- [Assigned task]: The task calls for every line of the data to be retyped exactly.

*** Opening Records for the exercise ***

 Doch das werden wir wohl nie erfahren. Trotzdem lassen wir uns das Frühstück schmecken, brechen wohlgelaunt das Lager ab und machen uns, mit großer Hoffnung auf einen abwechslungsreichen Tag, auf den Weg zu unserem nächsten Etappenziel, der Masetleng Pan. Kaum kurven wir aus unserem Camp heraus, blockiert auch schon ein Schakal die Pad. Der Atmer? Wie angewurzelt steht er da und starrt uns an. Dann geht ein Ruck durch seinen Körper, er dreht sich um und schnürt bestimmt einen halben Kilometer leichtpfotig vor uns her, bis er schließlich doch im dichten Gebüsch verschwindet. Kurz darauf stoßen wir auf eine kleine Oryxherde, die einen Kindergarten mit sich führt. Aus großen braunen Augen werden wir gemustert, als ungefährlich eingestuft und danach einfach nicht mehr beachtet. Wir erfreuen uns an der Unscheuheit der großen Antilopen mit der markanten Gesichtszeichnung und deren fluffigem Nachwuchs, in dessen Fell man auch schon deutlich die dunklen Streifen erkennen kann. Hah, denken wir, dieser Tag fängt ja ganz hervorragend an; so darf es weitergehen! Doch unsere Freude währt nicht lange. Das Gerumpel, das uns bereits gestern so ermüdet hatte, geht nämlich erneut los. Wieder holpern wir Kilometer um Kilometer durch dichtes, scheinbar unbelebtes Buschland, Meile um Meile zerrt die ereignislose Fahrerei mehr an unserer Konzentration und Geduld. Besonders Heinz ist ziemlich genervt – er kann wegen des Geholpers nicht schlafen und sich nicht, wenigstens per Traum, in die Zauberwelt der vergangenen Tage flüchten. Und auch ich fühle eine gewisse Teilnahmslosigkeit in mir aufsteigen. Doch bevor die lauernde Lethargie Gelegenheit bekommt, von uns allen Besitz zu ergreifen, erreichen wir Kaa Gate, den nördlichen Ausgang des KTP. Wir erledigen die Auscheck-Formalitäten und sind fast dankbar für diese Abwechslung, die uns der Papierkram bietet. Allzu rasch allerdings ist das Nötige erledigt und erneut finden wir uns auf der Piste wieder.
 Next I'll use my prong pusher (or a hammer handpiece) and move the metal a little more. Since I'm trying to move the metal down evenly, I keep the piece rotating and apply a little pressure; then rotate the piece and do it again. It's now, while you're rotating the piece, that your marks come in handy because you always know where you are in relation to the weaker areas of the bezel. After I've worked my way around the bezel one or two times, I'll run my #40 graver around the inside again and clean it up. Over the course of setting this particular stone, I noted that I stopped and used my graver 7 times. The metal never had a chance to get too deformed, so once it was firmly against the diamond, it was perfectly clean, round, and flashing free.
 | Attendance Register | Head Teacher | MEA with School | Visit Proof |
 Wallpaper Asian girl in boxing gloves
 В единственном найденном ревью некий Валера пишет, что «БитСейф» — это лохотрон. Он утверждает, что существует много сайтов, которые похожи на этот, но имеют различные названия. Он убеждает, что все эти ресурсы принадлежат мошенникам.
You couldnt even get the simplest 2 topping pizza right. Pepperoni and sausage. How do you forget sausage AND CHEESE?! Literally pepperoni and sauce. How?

*** Closing Records for the exercise ***

- [Your response]:
 Doch das werden wir wohl nie erfahren. Trotzdem lassen wir uns das Frühstück schmecken, brechen wohlgelaunt das Lager ab und machen uns, mit großer Hoffnung auf einen abwechslungsreichen Tag, auf den Weg zu unserem nächsten Etappenziel, der Masetleng Pan. Kaum kurven wir aus unserem Camp heraus, blockiert auch schon ein Schakal die Pad. Der Atmer? Wie angewurzelt steht er da und starrt uns an. Dann geht ein Ruck durch seinen Körper, er dreht sich um und schnürt bestimmt einen halben Kilometer leichtpfotig vor uns her, bis er schließlich doch im dichten Gebüsch verschwindet. Kurz darauf stoßen wir auf eine kleine Oryxherde, die einen Kindergarten mit sich führt. Aus großen braunen Augen werden wir gemustert, als ungefährlich eingestuft und danach einfach nicht mehr beachtet. Wir erfreuen uns an der Unscheuheit der großen Antilopen mit der markanten Gesichtszeichnung und deren fluffigem Nachwuchs, in dessen Fell man auch schon deutlich die dunklen Streifen erkennen kann. Hah, denken wir, dieser Tag fängt ja ganz hervorragend an; so darf es weitergehen! Doch unsere Freude währt nicht lange. Das Gerumpel, das uns bereits gestern so ermüdet hatte, geht nämlich erneut los. Wieder holpern wir Kilometer um Kilometer durch dichtes, scheinbar unbelebtes Buschland, Meile um Meile zerrt die ereignislose Fahrerei mehr an unserer Konzentration und Geduld. Besonders Heinz ist ziemlich genervt – er kann wegen des Geholpers nicht schlafen und sich nicht, wenigstens per Traum, in die Zauberwelt der vergangenen Tage flüchten. Und auch ich fühle eine gewisse Teilnahmslosigkeit in mir aufsteigen. Doch bevor die lauernde Lethargie Gelegenheit bekommt, von uns allen Besitz zu ergreifen, erreichen wir Kaa Gate, den nördlichen Ausgang des KTP. Wir erledigen die Auscheck-Formalitäten und sind fast dankbar für diese Abwechslung, die uns der Papierkram bietet. Allzu rasch allerdings ist das Nötige erledigt und erneut finden wir uns auf der Piste wieder.
 Next I'll use my prong pusher (or a hammer handpiece) and move the metal a little more. Since I'm trying to move the metal down evenly, I keep the piece rotating and apply a little pressure; then rotate the piece and do it again. It's now, while you're rotating the piece, that your marks come in handy because you always know where you are in relation to the weaker areas of the bezel. After I've worked my way around the bezel one or two times, I'll run my #40 graver around the inside again and clean it up. Over the course of setting this particular stone, I noted that I stopped and used my graver 7 times. The metal never had a chance to get too deformed, so once it was firmly against the diamond, it was perfectly clean, round, and flashing free.
 | Attendance Register | Head Teacher | MEA with School | Visit Proof |
 Wallpaper Asian girl in boxing gloves
 В единственном найденном ревью некий Валера пишет, что «БитСейф» — это лохотрон. Он утверждает, что существует много сайтов, которые похожи на этот, но имеют различные названия. Он убеждает, что все эти ресурсы принадлежат мошенникам.
You couldnt even get the simplest 2 topping pizza right. Pepperoni and sausage. How do you forget sausage AND CHEESE?! Literally pepperoni and sauce. How?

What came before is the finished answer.